A ship may occur extreme roll motion in severe waves and winds condition, thus leading to large amplitude roll motion. Large roll angles and accelerations can cause significant crew inefficiency and reduce the stability of the hull, or leading to capsizing. A sufficient roll damping moment prevents the dynamic loss of stability, and roll damping is also fundamental in case of the majority of failure modes addressed by Second Generation Intact Stability Criteria, thus the accurate prediction of roll damping of ships is particularly important.

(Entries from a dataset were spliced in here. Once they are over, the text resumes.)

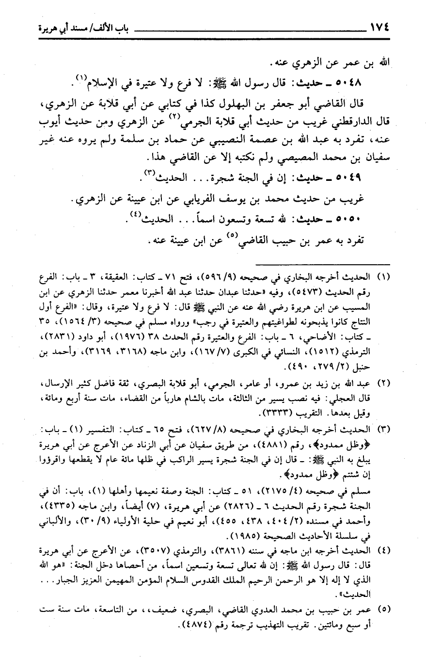 5048 - حَدِيث: قَالَ رَسُول الله: لَا فرع وَلَا عتيرة فِي الْإِسْلَام.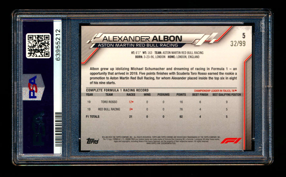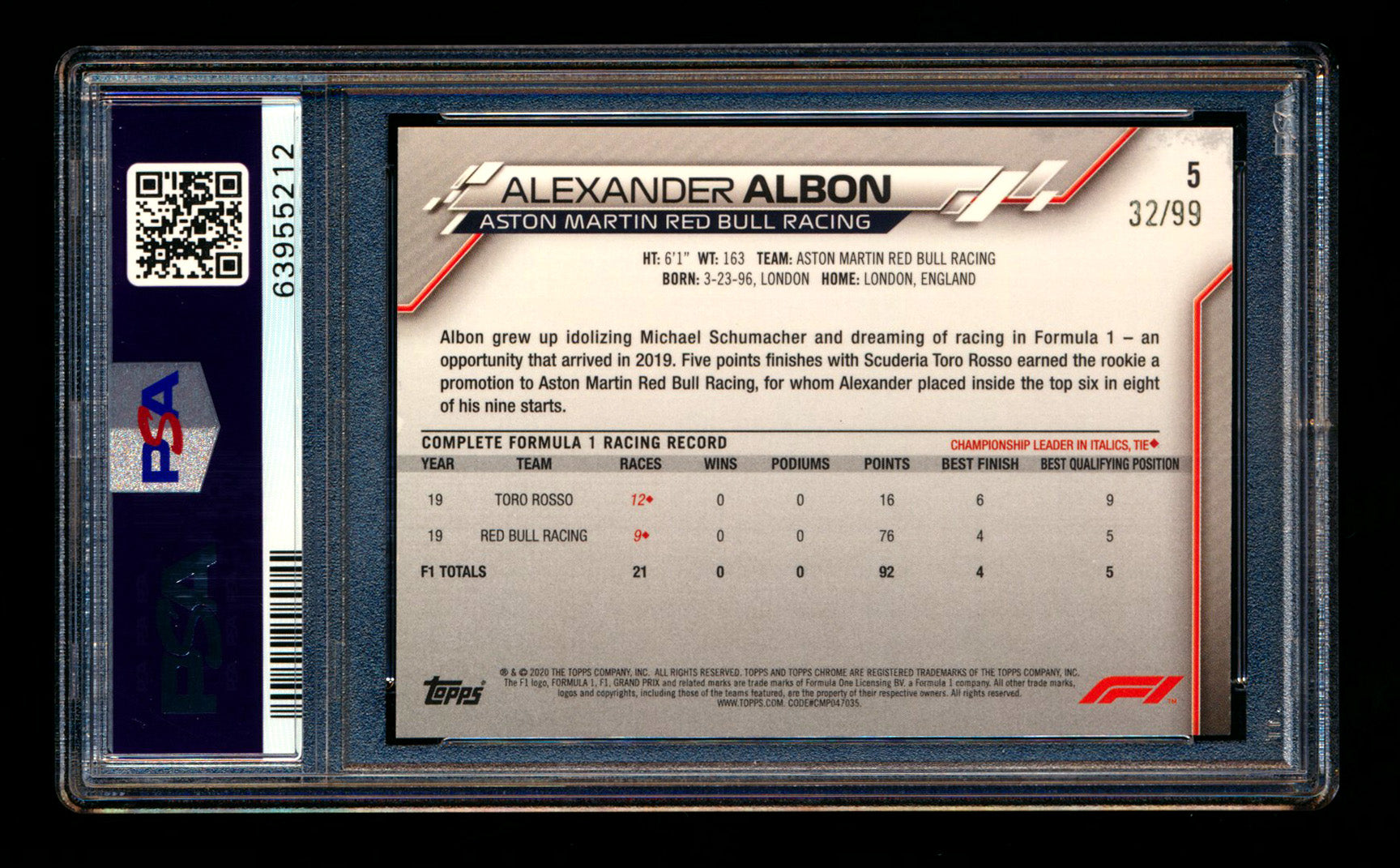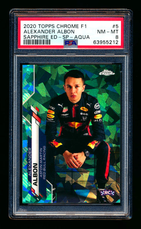 2020 Topps Chrome Sapphire F1 #5 Alexander Albon RC Aqua Refractor Image Variation SP #32/99 PSA 8 ** (SOLD eBay - $119.00 - 5/29/2025) **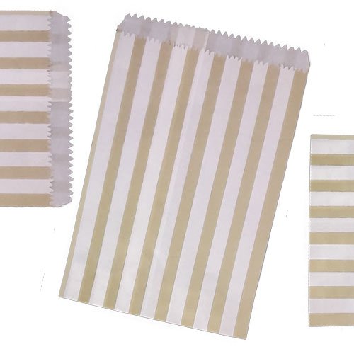 100 Sacchetti di carta a righe porta-confetti Buffet Wedding regalo negozio feste dolcetti jeejaan, Gold, 7" x 9"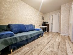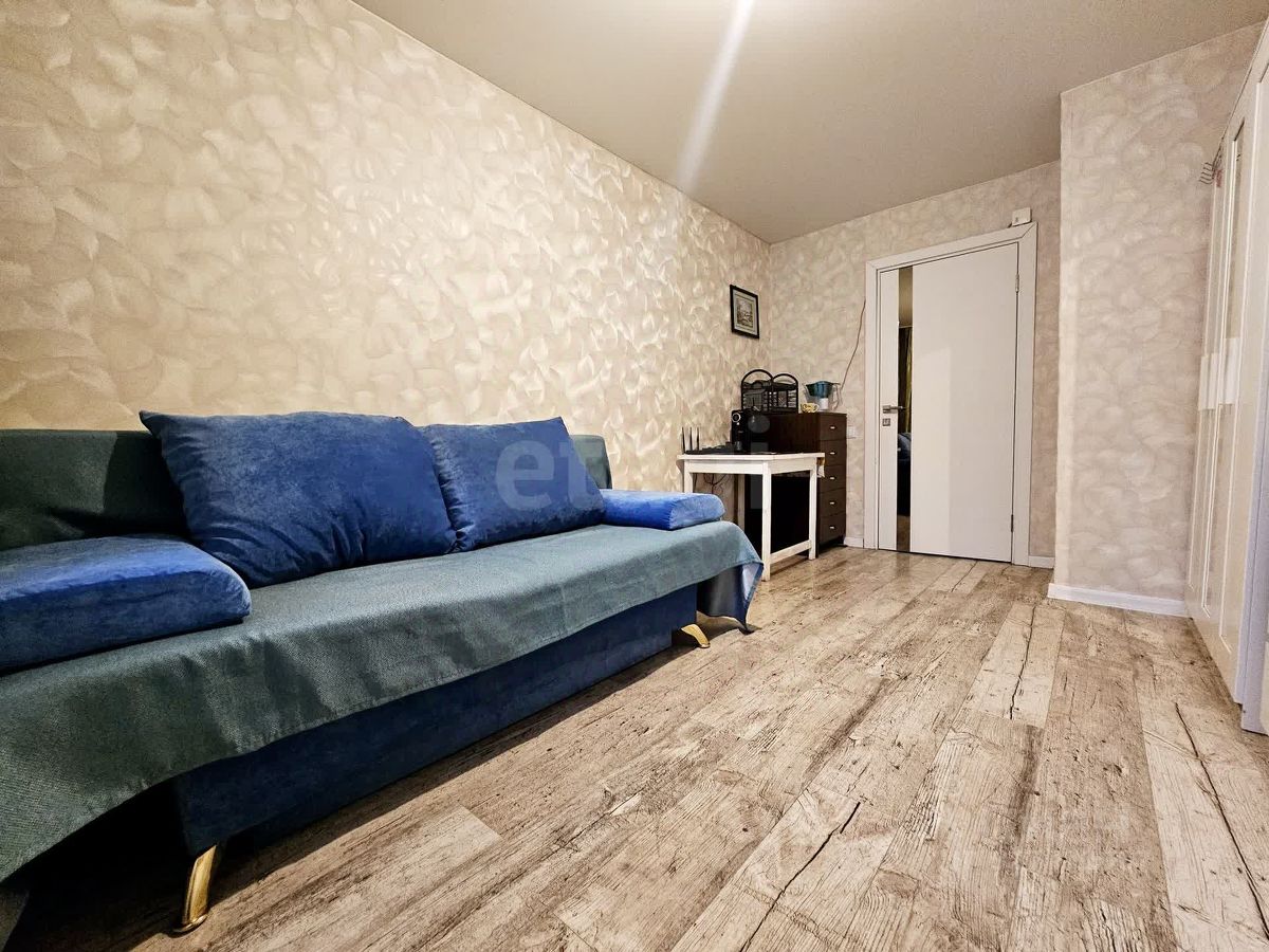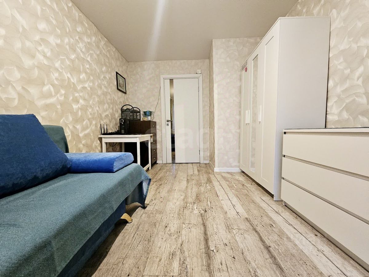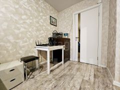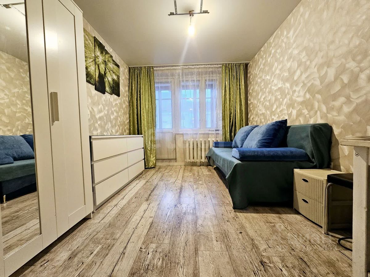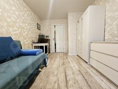 Комната светлая, чистая, в хорошем состоянии, с аккуратным современным ремонтом. На полу качественное напольное покрытие под дерево, стены оформлены в светлых спокойных тонах, за счёт чего пространство выглядит просторно и уютно.

At present, the estimation of roll damping is both challenging as well as an extensively studied problem. Usually, there are three methods to evaluate the roll damping: semi-empirical approach, model test and numerical simulation. The most popular semi-empirical method is a component-based method, which considers the physical processes of roll motion damping with various means of energy dissipation, including friction, lift, wave-making, and vortex generation from the hull, as well as the influence of appendages (Ikeda, et al., 1978; Himeno, 1981). Unfortunately, the range of application is limited in most extreme roll motions. Different techniques of model test exist to estimate roll damping, which are roll decay motion, harmonic excited roll motion and harmonic forced roll motion. Roll decay and harmonic excited roll based on roll angle measurements make the comparison of the roll damping coefficient between experiment and simulation difficult. Roll decay is a fully non-stationary harmonic process, the initial state and higher Froude number have a strong influence on the test results. Considering the rudder is used to hold the model on course in harmonic excited roll motion, the propeller-rudder interaction adds the complexities for the model test. The fixed roll axis of harmonic forced roll motion and the direct determination of the moment make it easier to measure roll period and amplitude. In this paper, we focus on the harmonic forced roll motion to validate the established numerical methods. Besides model tests, the development of high-performance computers promotes the work for estimating roll damping numerically. Finite volume methods seem to be appropriate to simulate the roll damping coefficients and flow characteristics visually.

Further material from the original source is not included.